Our paper suggests three possible directions for future research on aggregate-level inventory management in retailing.

  1. 1.

    Modeling of aggregate-level inventory decisions: Even though the variables in our model are statistically significant, there is still a considerable amount of variation in inventory turnover that remains unexplained. For example, we find that the residuals from our model show differing patterns across firms. There are firms whose residuals have consistently improved over time after controlling for changes in all the explanatory variables, and other firms whose residuals show a consistently declining trend. To illustrate this, Fig. 3.3a, b show time-series plots of residuals from our model for Best Buy Stores, Inc. and Jennifer Convertibles, Inc., respectively. Notice that the residuals for Best Buy trend upwards with time while those for Jennifer Convertibles trend downwards. These unexplained but systematic differences suggest that there is scope for future research to better understand retailers’ inventory turnover performance. There has been considerable advancements in econometric models of inventory in the recent years, which could be applied to retailers to help them decipher variations in inventory turnover.

    Fig. 3.3
    figure 3

    (a) Time-series plot of residuals from model (3.4) for Best Buy Stores, Inc. (b) Time-series plot of residuals from model (3.4) for Jennifer Convertibles, Inc.

  2. 2.

    Explaining the drivers of inventory productivity using augmented data sets: Several operational factors can be said to contribute to the relationships of gross margin, capital intensity, firm size and sales ratio with inventory turnover. Since public financial data do not capture these operational factors, it is not possible to identify the drivers of inventory turnover using these data.

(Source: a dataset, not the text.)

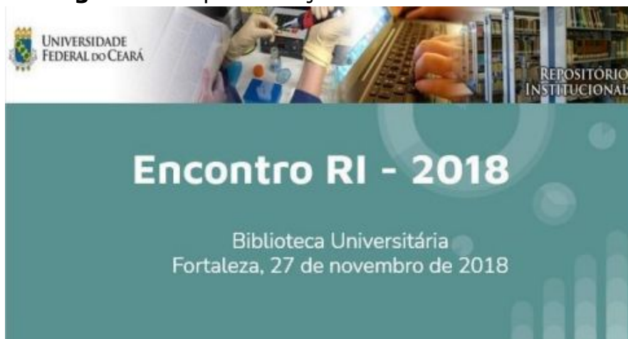
Figura 3 – Apresentação do Encontro RI 2018

Realizado no auditório da Biblioteca Central do Campus do Pici, com a participação de 28 representantes de suas respectivas bibliotecas, o evento proporcionou aos operadores do DSpace a oportunidade de discussão geral sobre o trabalho desenvolvido no RI/UFC, abordando temas como a recuperação das informações incluídas na plataforma e os benefícios desse serviço para a Universidade.

A richer data set may be used in future research to examine the aforementioned relationships more closely. For example, the discussion in Sect. 5 identifies many variables that may be included in such a data set, for example, number of store locations, their store formats and square footage, number of warehouses and their square footage, same stores sales growth rates, etc. In a recent paper, Kesavan et al. (2010) construct such a data set by incorporating number of store locations, accounts payables, and several other variables. They apply a simultaneous equations model to estimate causal effects of sales, inventory and gross margin on each other. They further show that their model provides more accurate forecasts of sales than standard time-series models as well as equity analysts.

  3. 3.

    Examining the effects of firm lifecycle and bankruptcies on model estimation: Our data set consists of only publicly listed firms that have at least five consecutive years of data available. Since these firms would be above a certain size, our coefficient estimate for size could be subjected to selection bias. Also our coefficient estimates could be subjected to survival bias since slow growing firms could exit from our data set. Future research may examine how these factors affect the relationship of inventory management with other performance variables.